なお、変更・リライトについてはSuper・Wraptasともに一度ページを紐付ければ以降は変更点が自動的に反映されます。
テキスト執筆のみに集中できる、快適なライティング体験
NotionをWebサイトとして公開する4つのメリット。最高のライティング体験と高速表示 でも書いているのですが、Notionはとにかく「コンテンツ作成・テキスト執筆」に集中することができます。
挿入する画像選択や内部リンク設置の際など、テキスト執筆以外のものにかかるコストが、快適なUXによって非常に小さいものとなっているのです。
またWordPressなどのCMSには、サイト全体の保守としてプラグインアップデート、本体アップデートなど保守の手間がかかります。
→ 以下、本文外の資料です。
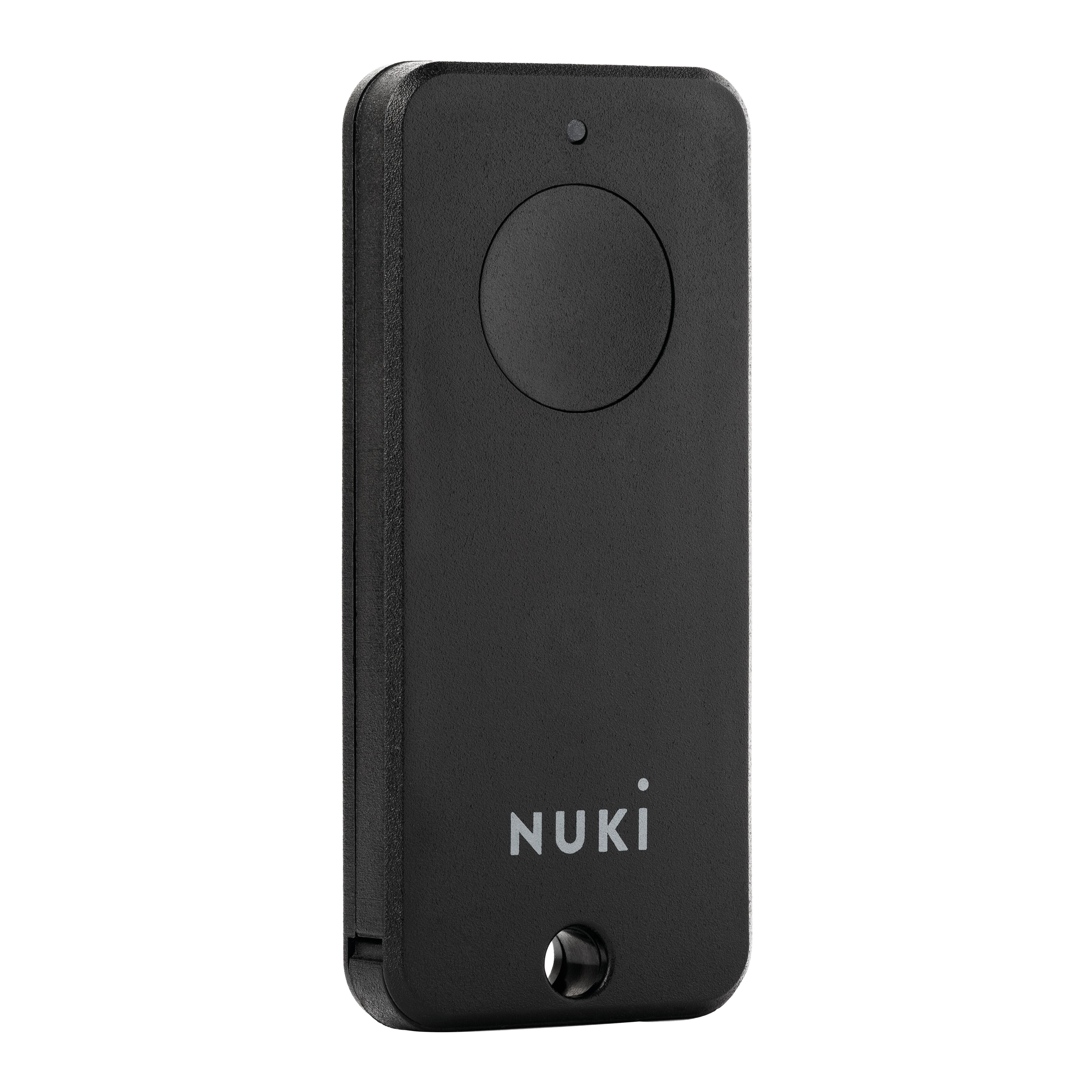 Con il piccolo portachiavi Bluetooth Nuki Fob puoi bloccare o sbloccare la tua porta anche senza smartphone. L'estensione perfetta per la Nuki Smart Lock Apri e chiudi la tua porta di casa premendo un tasto In caso di smarrimento può essere disattivato in ogni momento Ideale per bambini e anziani. Ottimo per bambini e anziani Il Nuki Fob è impermeabile e a prova d'urto e può essere disattivato in qualsiasi momento. Grazie al facile utilizzo, è un pratico sostituto delle chiavi anche per bambini e anziani senza smartphone.. Addio chiavi di riserva. La tua babysitter, domestica o dog sitter ha bisogno di entrare a casa tua? Con il Nuki Fob anche i fornitori di servizi potranno accedere a casa tua comodamente e in maniera controllata - in modo permanente, ricorrente o per una volta sola.. Telecomando Bluetooth Come vero e proprio sostituto delle chiavi, il Nuki Fob blocca o sblocca la tua porta premendo un pulsante. Un telecomando per tutti coloro che vogliono semplificarsi la vita.. Il compagno ideale . A volte senti il bisogno di stare fuori in mezzo alla natura senza il fastidio di portare con te lo smartphone? Il Nuki Fob è il tuo compagno silenzioso per momenti preziosi, poiché grazie alla sua dimensione ridotta trova posto in ogni tasca.. Multifunzionale. Il Nuki Fob è un tuttofare e può essere collegato a massimo 100 Smart Lock.

このあたりの手間もNotionをWebサイトとして公開するサードパーティツールに任せれば、コンテンツ作成以外のことを気にせず、ライティングに集中する環境を手にすることができます。
NotionをWebサイトとして公開する方法と注意
NotionをWebサイトとして公開するならサードパーティ製ツールの利用を推奨
Notionは、そのままNotionがもつ共有機能で公開が可能ですが、ドメインがnotionのものとなってしまいます。
そのため独自ドメインと紐付けて公開し、資産化していくためにもサードパーティ製ツール(有料)を利用しての公開をオススメします。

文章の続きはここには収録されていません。